Cutty Sark by mojofilter - Sergal/Mantua - 1:78


Recommended Posts

Guess this time I'll start at the beginning.  I'll spare the group the open box pictures.  I did inventory everything in there.  It's all there.  The wood strips, plywood etc. look like pretty good quality.  The laser cut parts are nice and clean - although I've learned here not to trust them.  I'll be looking at the member logs of the same kit (Art. 789) for trouble spots.

Like a lot of other kits, the blocks are terrible.  The rope set and deadeyes are not too bad, but I'll replace them all with Syren model Co.'s materials.

Right out of the box the keel is warped - actually just bowed.  I'll probably do inter-bulkhead spacer blocks, so I figure I can straighten it at that step.

As expected the cast parts will need a lot of cleanup, and the stanchions are flat etched brass, so I'll have to replace them:

 

post-24552-0-52613100-1482521444_thumb.jpg

 

This thing is big!!  I have no idea what I'll do with it when it's done, but I figure I have years to worry about that. :)

 

post-24552-0-73815900-1482521637_thumb.jpg

post-24552-0-53708200-1482521680_thumb.jpg

 

Wish me luck!

 

- Tim

Edited by mojofilter
Link to comment
Share on other sites

Hi Tim, good luck on the new project.

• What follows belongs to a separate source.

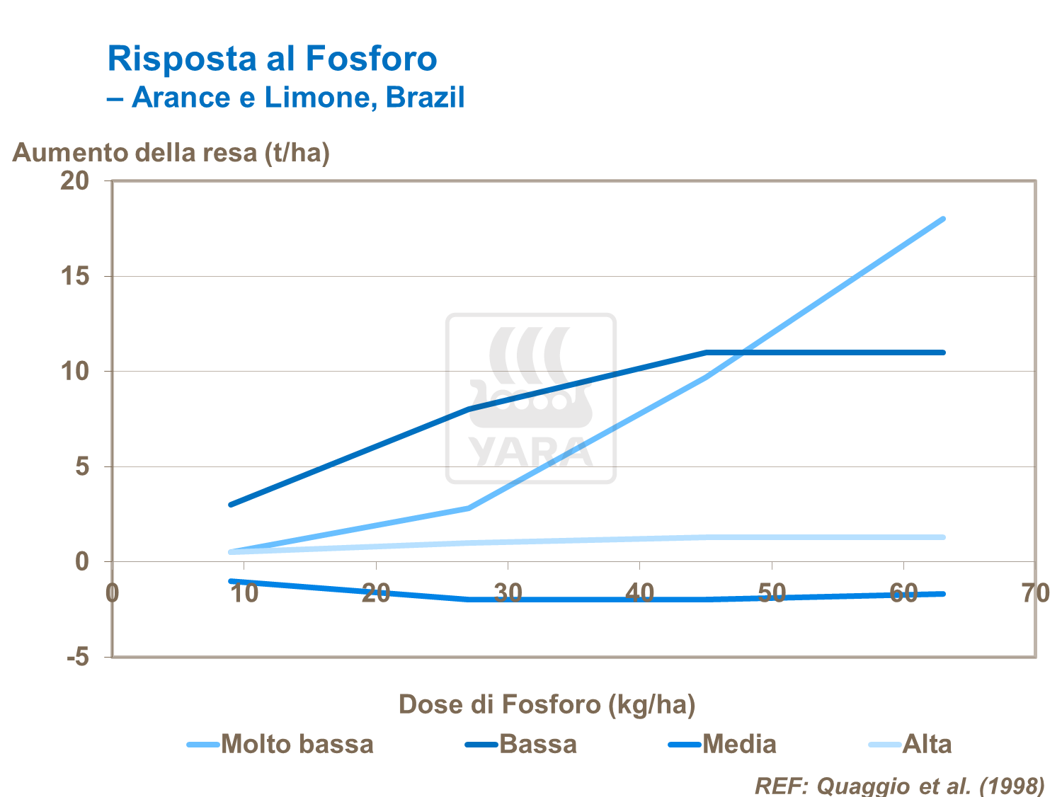 I suoli con bassi valori di fosforo hanno bisogno di applicazioni di Fosforo, come mostrano i trials in Brasile su arance e limoni. L'assorbimento di Fosforo si ha per tutto il periodo di crescita, dopo la fioritura e fino a maturità del frutto. Una buona disponibilità è importante durante i periodi di crescita attiva delle radici, ad esempio in primavera.

I'm building the CS as well but I've put it on the self in order to finish up another project that's been begging completion.Your keel issue sounds familiar. My suggestion in to photograph the H--- out of it from all angles, study them carefully if not to your liking, contact your supplier.While you are thinking of getting rope and block replacement consider smaller grating as well the the scale supplied is way to big.

Also make sure you add blocking between the bulkheads, in my opinion they will help when it comes to an even and smooth planking job.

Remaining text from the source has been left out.